The role of the reporter in an environment dominated by propaganda and bias was in focus at AUBG this week. One of the most popular faces in Bulgarian television, Boyko Vassilev, spoke on the topic of “Media and Global Conspiracy” in the packed Andrey Delchev Auditorium. The inspiring meeting, which lured many Journalism and Mass Communications and Political Science students, was organized by Asen Dimitrov from the President’s Office and Cosmina Tanasoiu, a Professor of  European Studies at AUBG.



Boyko Vassilev is a world renowned journalist, war correspondent and currently the host of “Panorama” - the most popular political talk show in Bulgaria, and as such has had the chance to interview some of the most influential figures in world’s politics, society and culture.

“As a journalist you should always doubt…” he began his presentation, sharing moments from his experience as a war correspondent in former Yugoslavia during the 90’s. “Sometimes even your own eyes could mislead you”. The particular example he had in mind was that of a bombing victim he mistakenly reported to be younger than she was, just because, in an attempt to get closer to the truth, he rushed to the site of the atrocity, instead of waiting for the official press release.  “Although reflecting reality, pictures can be deceiving too”, continued Mr. Vasilev, further referring to instances from his practice where photos will very often show only one side of a conflict. 



“Paradoxically, opinions, if you collect a good variety of them, from different sides and angles, can be more objective” went on the speaker and later on concluded that as a journalist, and a person who stands for the objective representation of reality, one should bring balance, inform the public of what they see through the words they hear. Before presenting something to the wider public, one should doubt the sources, doubt everything they know, dig deep to find out the truth and think about what it is in the picture that would make people assume wrong.

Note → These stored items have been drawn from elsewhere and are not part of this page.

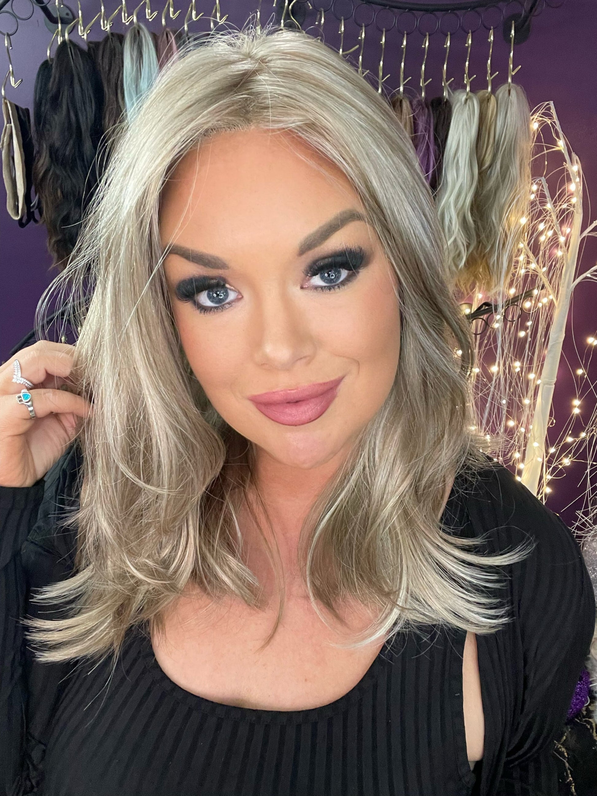 Meet Demi! This wig has part-anywhere, face-framing layers graduating into feathered layers that fall to the mid-back! Demi is featured in our favorite Frosty Blonde!!
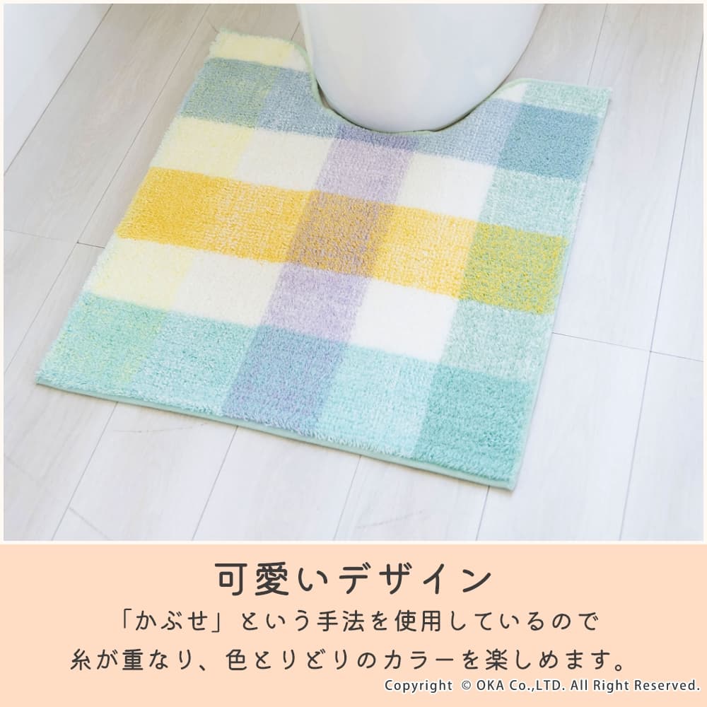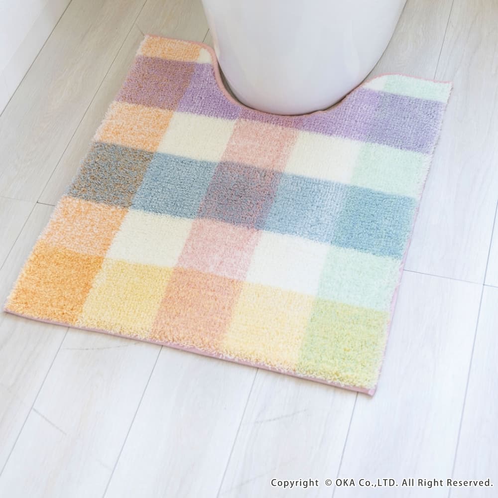 パレット トイレマット 約48cm×53cm ( 洗える チェック パステル ナチュラル 北欧 風水 レギュラーサイズ )
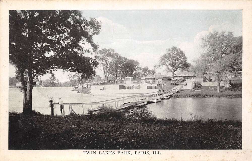 Paris Illinois Twin Lakes Park, B/W Lithograph, Vintage Postcard U27057
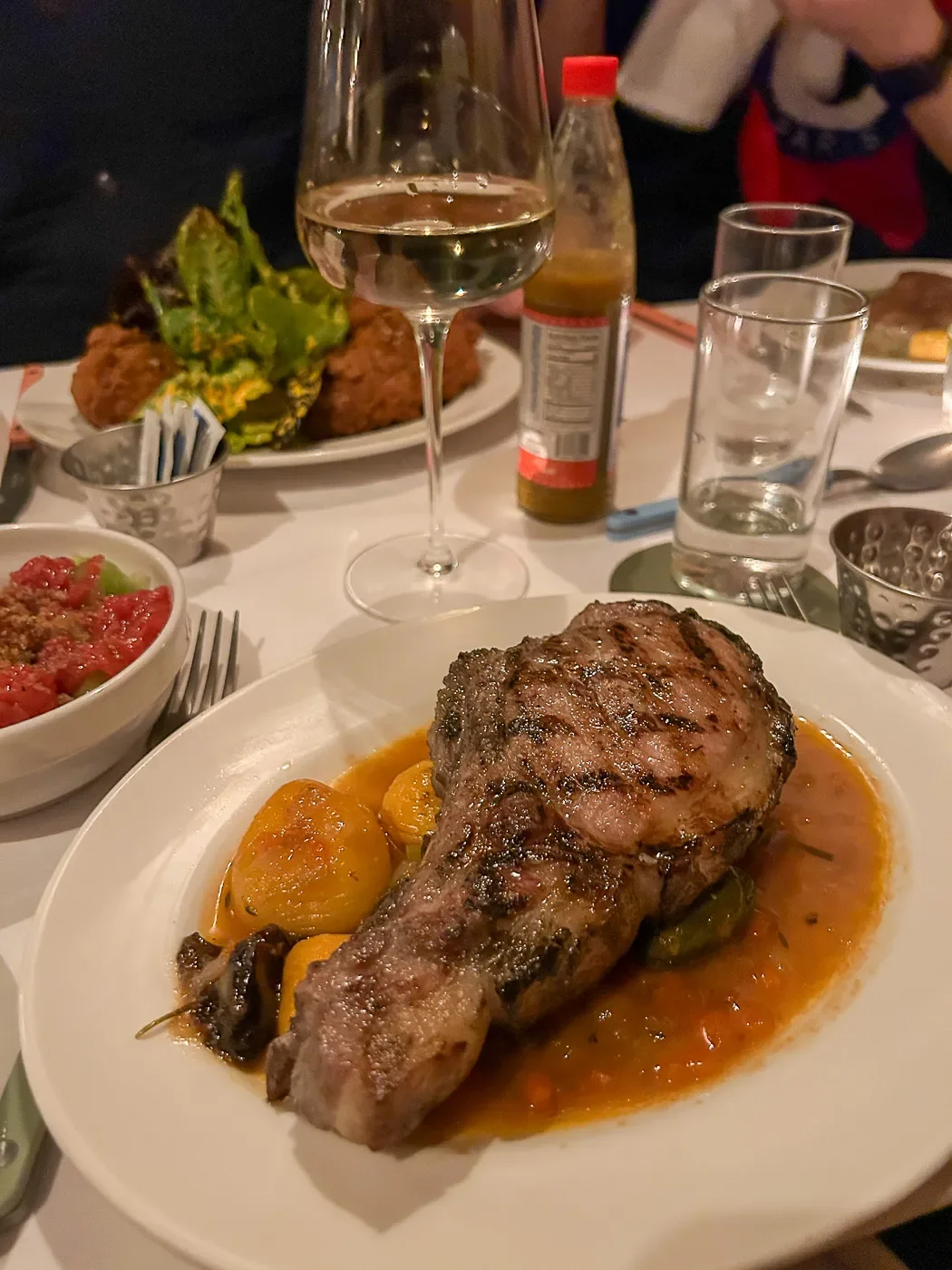 For my entree, I ordered a pork chop with “Pitt’s sauce” which was kind of sweet and sour and a good foil to the meat which also came with apricots and olives.
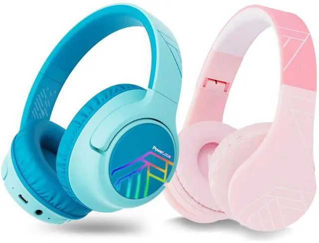 PowerLocus Bobo Kids Headphones (Blue) with P1 Kids Headphones (Pink)
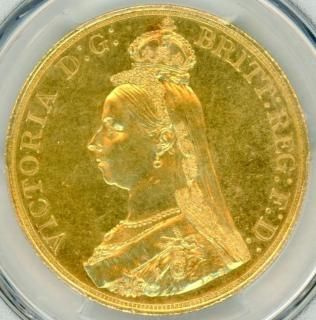 イギリス5ポンド金貨 ヴィクトリア・ジュビリー 1887年 MS63/未使用 送料込
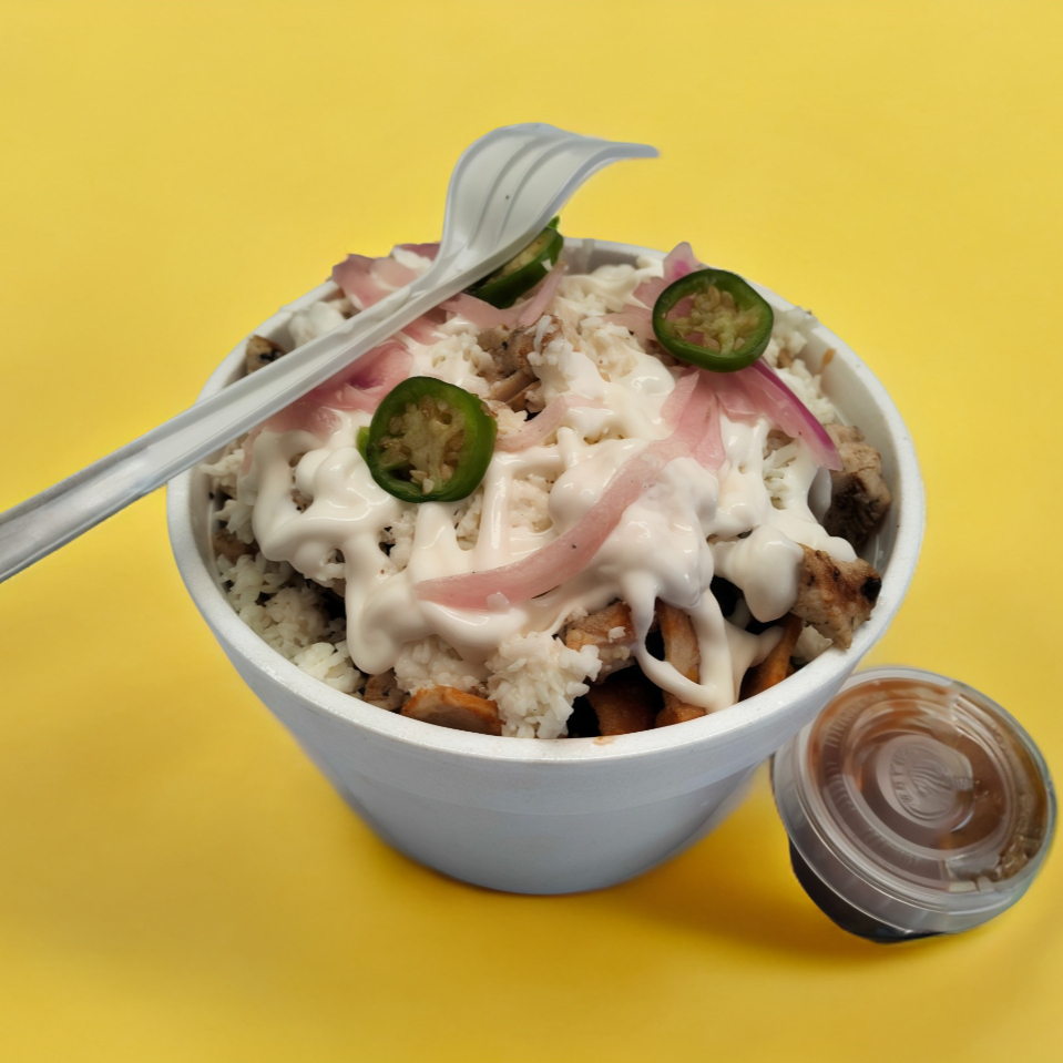 CARNE DE RES, QUESO FUNDIDO, TOCINO, SALSA BBQ, CEBOLLA ASADA, ENSALADA, ADEREZO
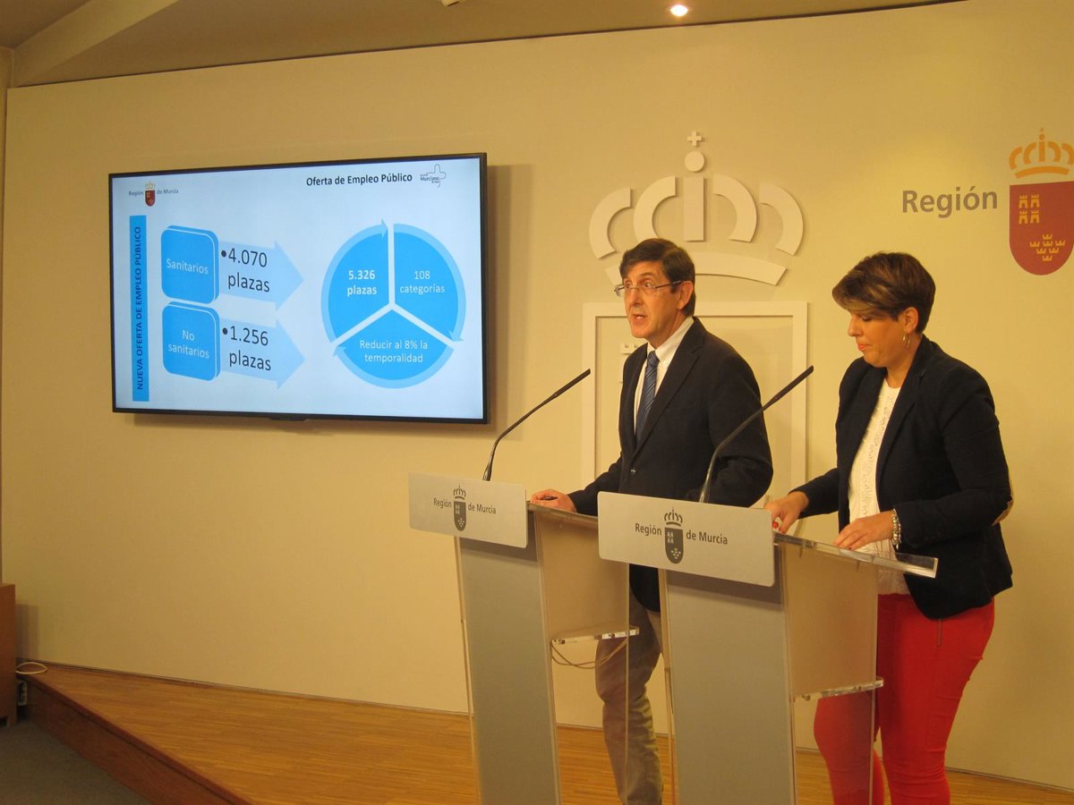 El Consejo de Gobierno ha dado luz verde al acuerdo del Servicio Murciano de Salud (SMS) sobre las bases generales que tutelarán el proceso de convocatoria de plazas de la oferta pública de empleo de 2017 y 2018 y el Plan de Estabilización de Empleo Temporal (PEET), lo que suma 5.326 plazas, una vez que ha sido negociado en Mesa Sectorial de Sanidad y aprobada por el Consejo de Administración del SMS.
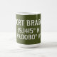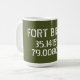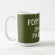 Kaffe mugg med koordinater för latitud och longitud karta för Fort Bragg, nära Fayetteville, North Carolina. Stencil stil, vitt teckensnitt på gröntens bakgrund i armén.
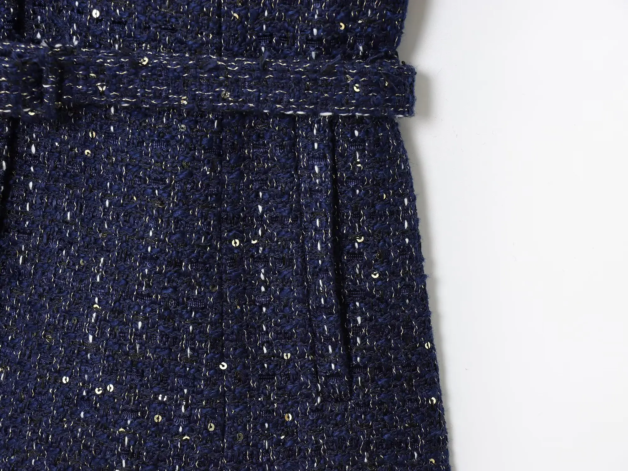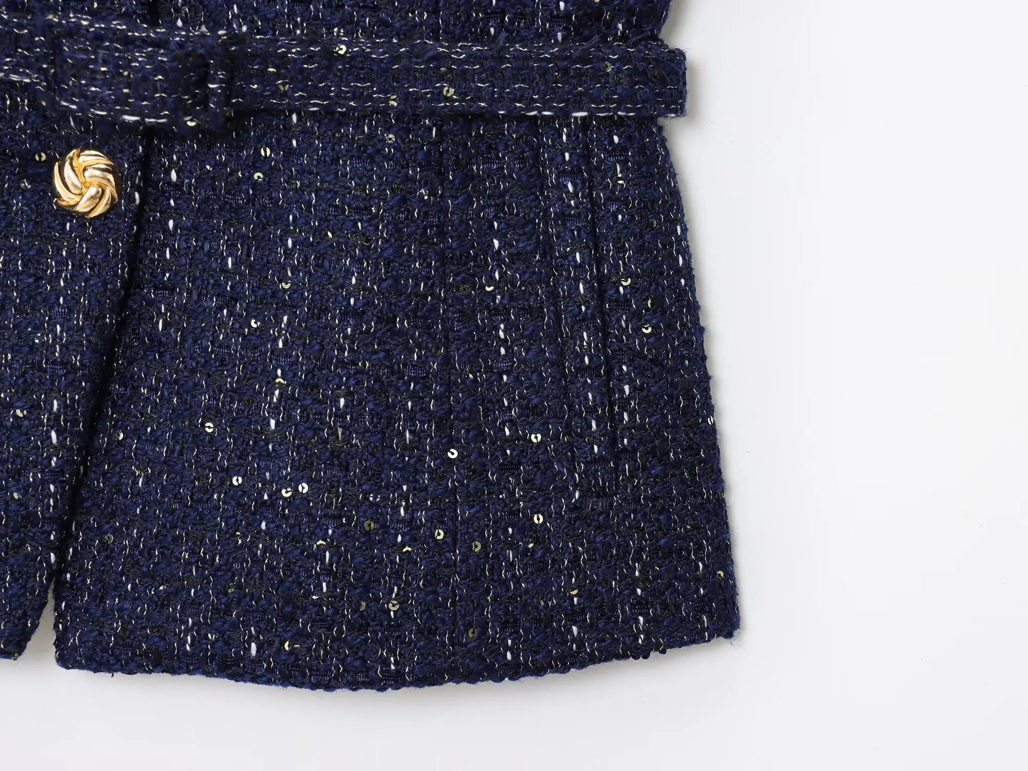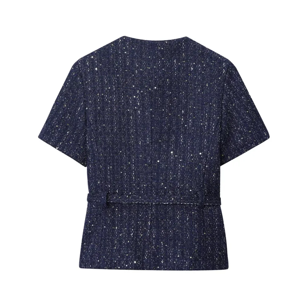 Crafted from soft navy tweed with subtle glitter threads for a luminous finish
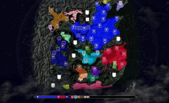 4、游戏的地图展示了使用简化的颜色系统捕获的领域,你将在大片属于你颜色的疆域中找到征服的快感;
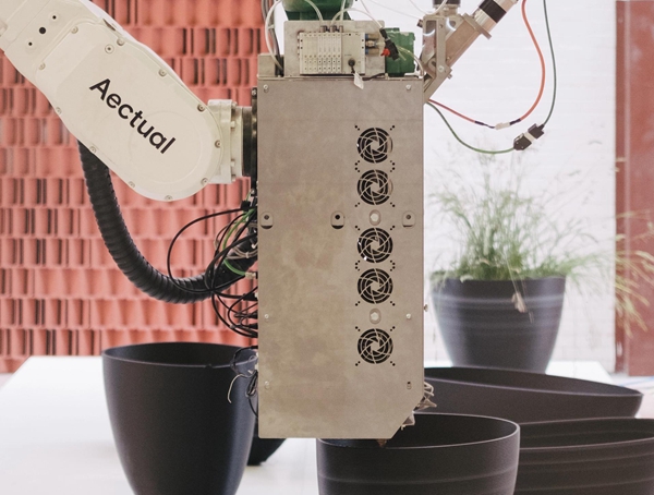 △Aectual公司的一臺(tái)3D打印機(jī)正在生產(chǎn)一個(gè)環(huán)保的花盆。圖片來(lái)自Aectual。
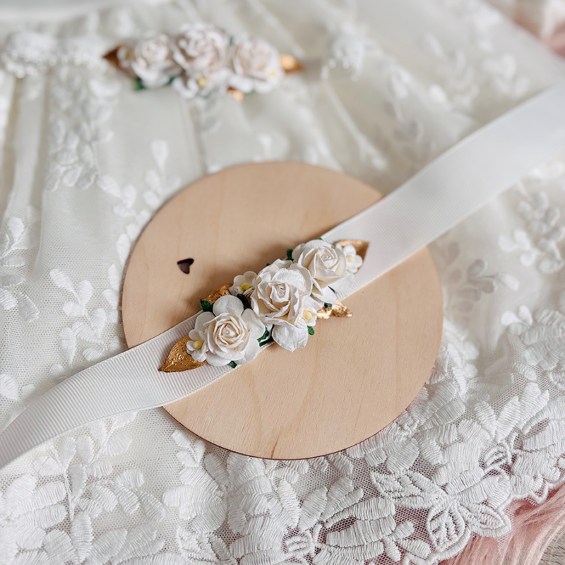 Pasek z kwiatuszkami ze złotymi zdobieniami na rypsowej tasiemce. Kwiatuszki są papierowe.
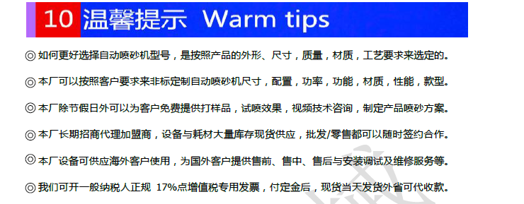 该输送式自动型喷砂机用于完成尺寸宽度范围为400mm以内。
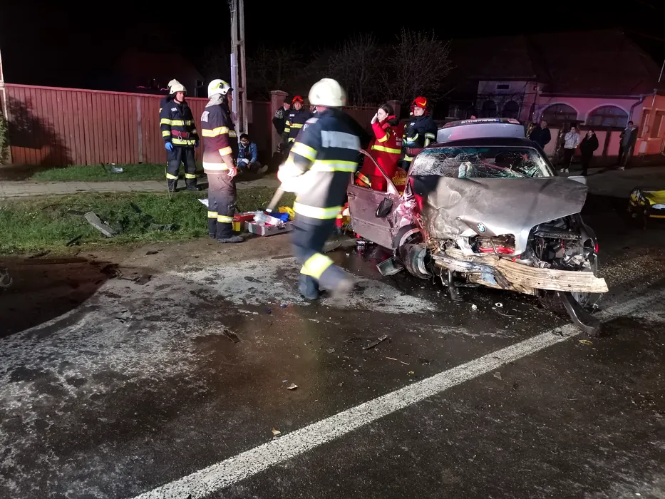 GALERIE FOTO. Grav accident de circulație pe o șosea din Mureș: Pasagerul unei mașini a murit și alți patru oameni au ajuns la spital
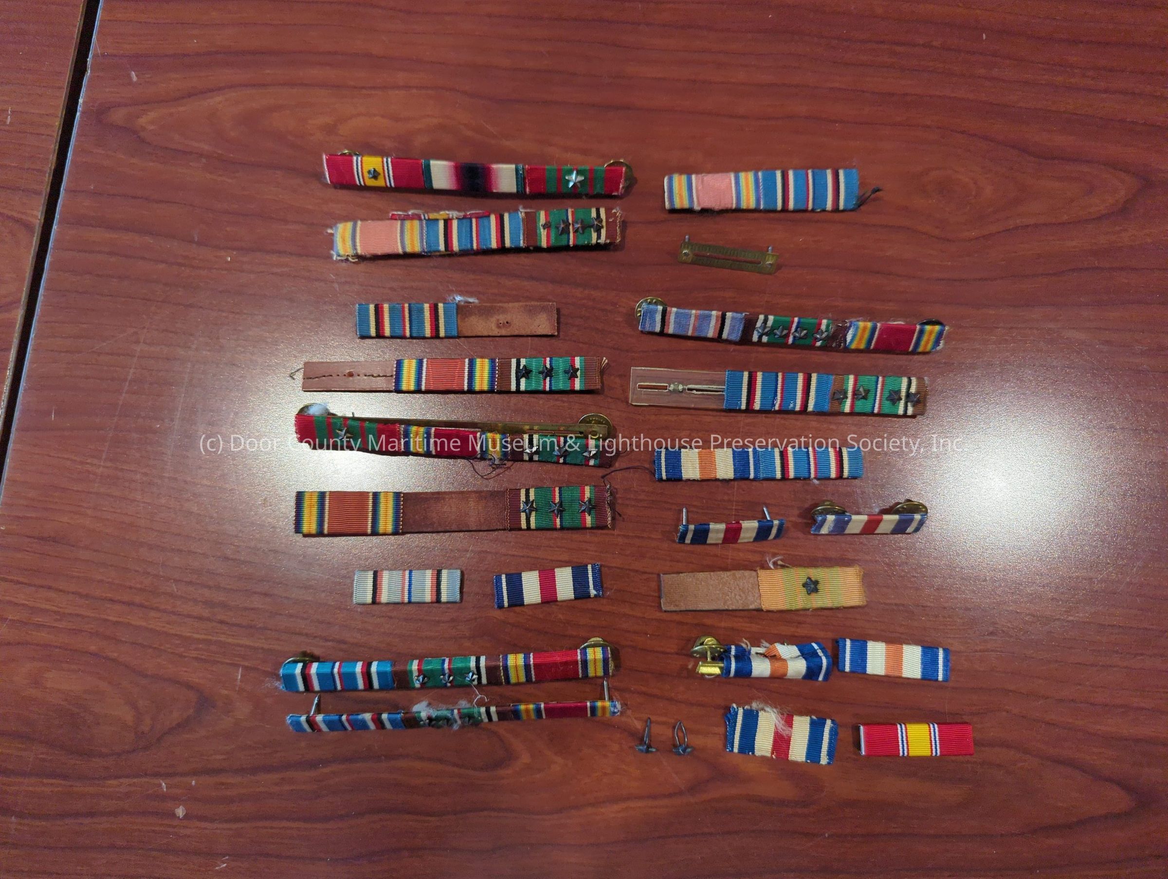Collection of 21 - pins, military - stripes: no overall color; each ribbon is a combination of colored stripes; each grouping of stripes having a particular meaning; some ribbons may also have dimensional stars; some are separated from backing; ranging from 1 3/8" to 4" long; 1/2" wide.Location

Expectedly, the fascinated audience engaged actively in the Q&A session which followed, with Mr. Vassilev being urged to share opinions on various topics, including Balkan media, censorship and conspiracy theories. Coming from someone with such a rich professional resume and personal charisma, the concepts introduced by the speaker might as well be regarded as a part of a valuable master-class for the future journalists and political analysts in the auditorium.